» **ASSIGNMENT**: Please write out every entry below exactly, leaving out any pictures.

[Records from a data collection]
_ _ _ _ _
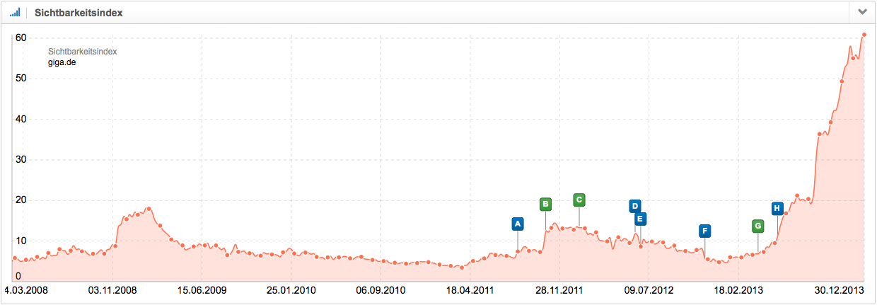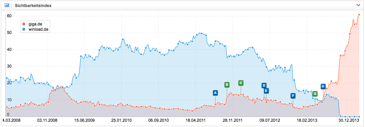 Die Domain giga.de konnte ihre Sichtbarkeit nicht um den passenden „Einheitenfaktor Milliarde“ steigern, aber führt nach prozentualen Gewinnen die Liste der Gewinner deutlich an. Abgesehen davon, dass dort aus SEO-Sicht vieles richtig gemacht wird, dürfte insbesondere die Integration von winload.de für den Anstieg verantwortlich sein. Wir haben die Fallstudie ausführlich im Oktober in diesem Artikel beschrieben.
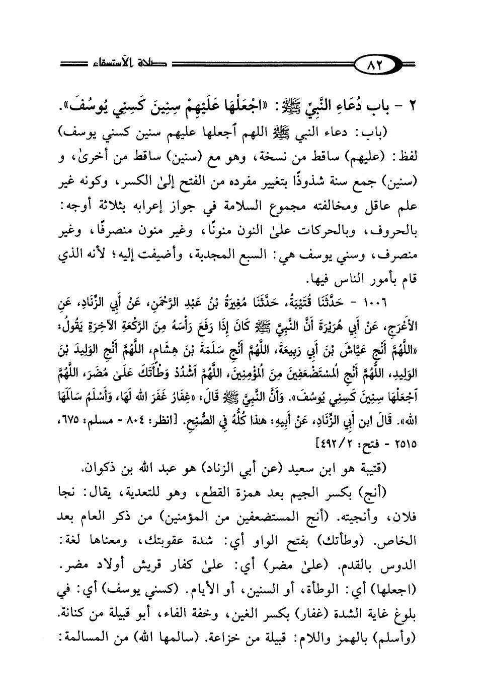 2 - بَابُ دُعَاءِ النَّبِيِّ صَلَّى اللهُ عَلَيْهِ وَسَلَّمَ: "اجْعَلْهَا عَلَيْهِمْ سِنِينَ كَسِنِي يُوسُفَ"
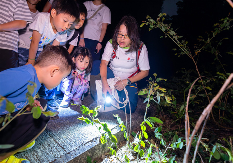 為響應「全國生態日」2025,「綠遊香港」計劃再度推出只在夏季限定的夜間生態導賞團,帶領公眾前往大潭郊野公園及南丫島進行「黑夜尋寶」,探索夜行動物的蹤跡。為協助新來港家庭更深入認識香港的生物多樣性,並促進社區共融,港燈透過新家園協會特別安排接近 20 位新來港人士走進大潭郊野公園,欣賞一場由多種蛙類「領銜主演」的自然生態交響樂。
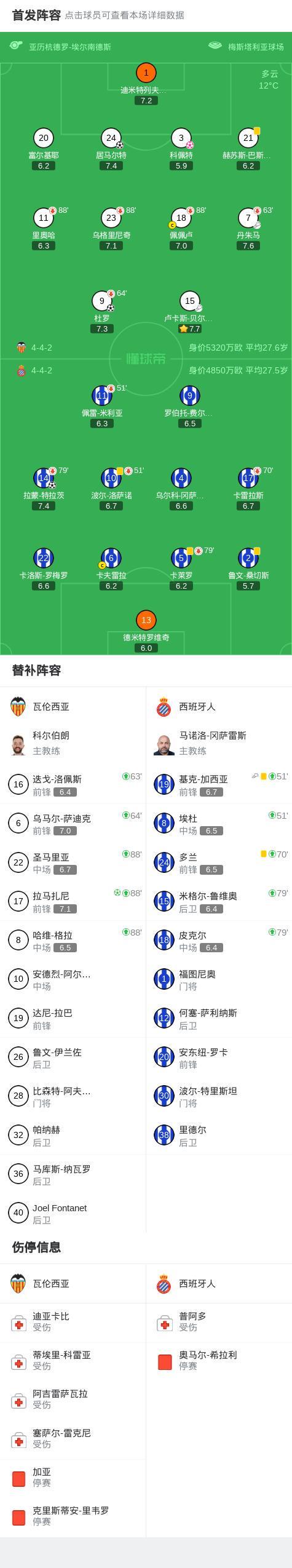 - 瓦倫西亞3-2西班牙人,拉馬扎尼點(diǎn)射,居馬爾特破門
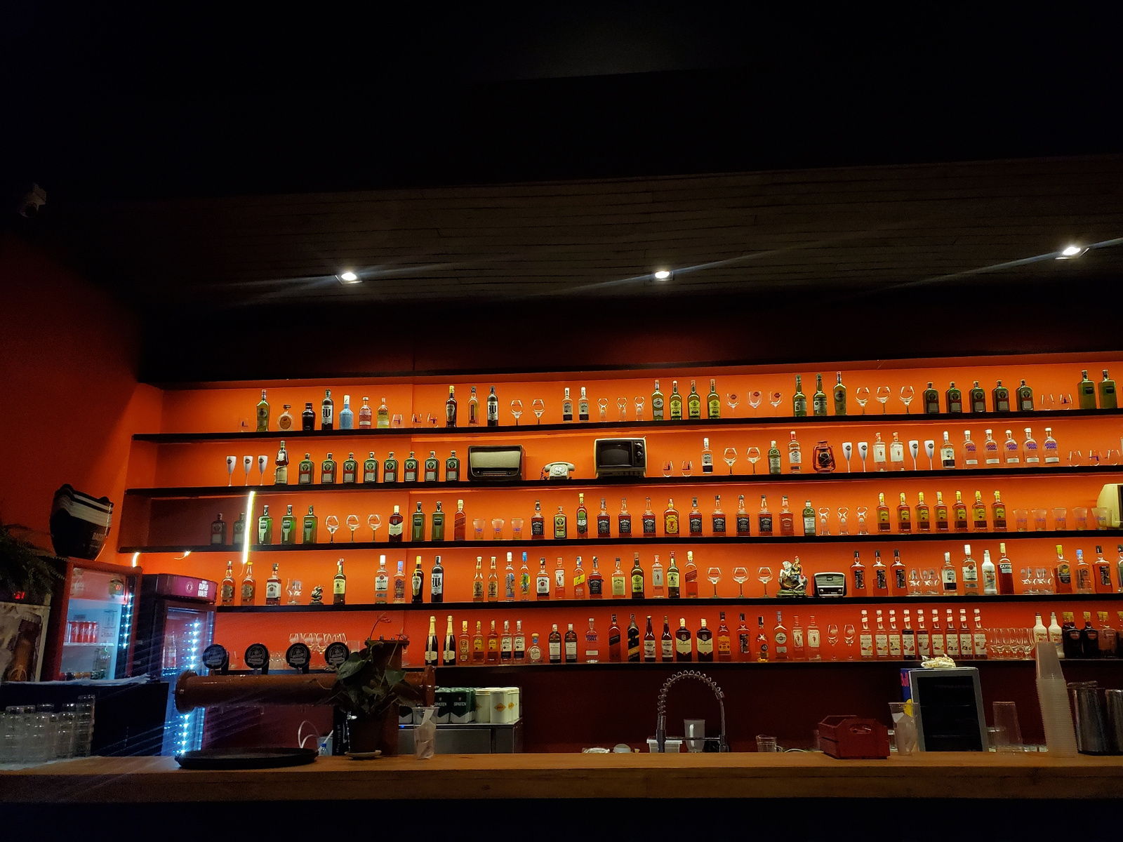 This image captures the interior of a well-stocked bar or pub, likely in Curitiba, Brazil, viewed from a slightly elevated perspective towards the counter and back wall. The central feature is a strik…read more
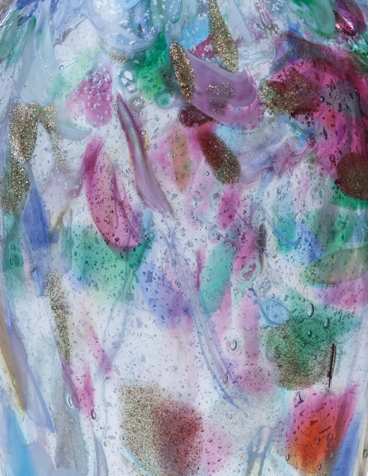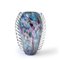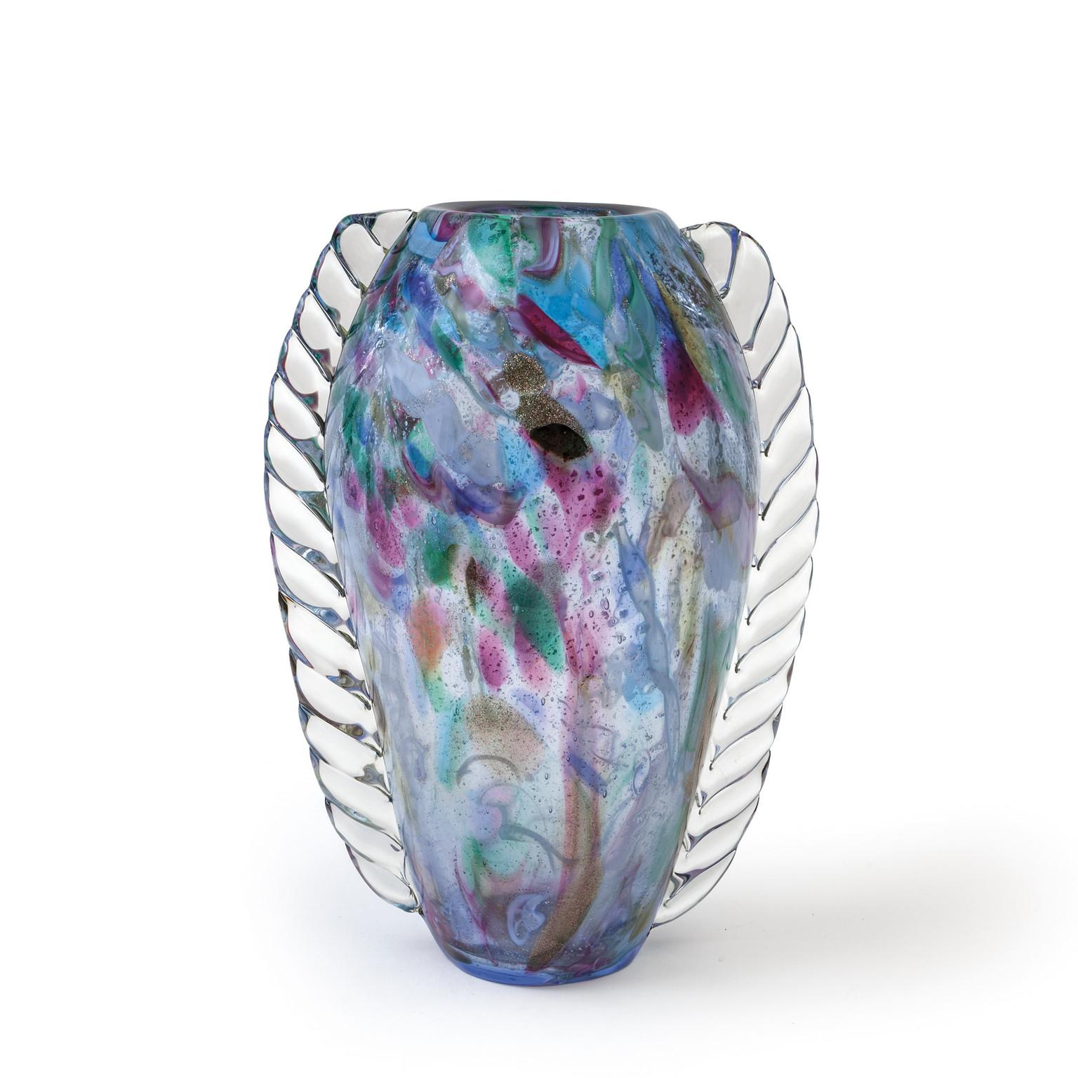 Un vaso a macchie colorate e foglia d'argento con morise laterali in cristallo circa 1950.
_ _ _ _ _
» **EXPECTED OUTPUT**:
 Die Domain giga.de konnte ihre Sichtbarkeit nicht um den passenden „Einheitenfaktor Milliarde“ steigern, aber führt nach prozentualen Gewinnen die Liste der Gewinner deutlich an. Abgesehen davon, dass dort aus SEO-Sicht vieles richtig gemacht wird, dürfte insbesondere die Integration von winload.de für den Anstieg verantwortlich sein. Wir haben die Fallstudie ausführlich im Oktober in diesem Artikel beschrieben.
 2 - بَابُ دُعَاءِ النَّبِيِّ صَلَّى اللهُ عَلَيْهِ وَسَلَّمَ: "اجْعَلْهَا عَلَيْهِمْ سِنِينَ كَسِنِي يُوسُفَ"
 為響應「全國生態日」2025,「綠遊香港」計劃再度推出只在夏季限定的夜間生態導賞團,帶領公眾前往大潭郊野公園及南丫島進行「黑夜尋寶」,探索夜行動物的蹤跡。為協助新來港家庭更深入認識香港的生物多樣性,並促進社區共融,港燈透過新家園協會特別安排接近 20 位新來港人士走進大潭郊野公園,欣賞一場由多種蛙類「領銜主演」的自然生態交響樂。
 - 瓦倫西亞3-2西班牙人,拉馬扎尼點(diǎn)射,居馬爾特破門
 This image captures the interior of a well-stocked bar or pub, likely in Curitiba, Brazil, viewed from a slightly elevated perspective towards the counter and back wall. The central feature is a strik…read more
 Un vaso a macchie colorate e foglia d'argento con morise laterali in cristallo circa 1950.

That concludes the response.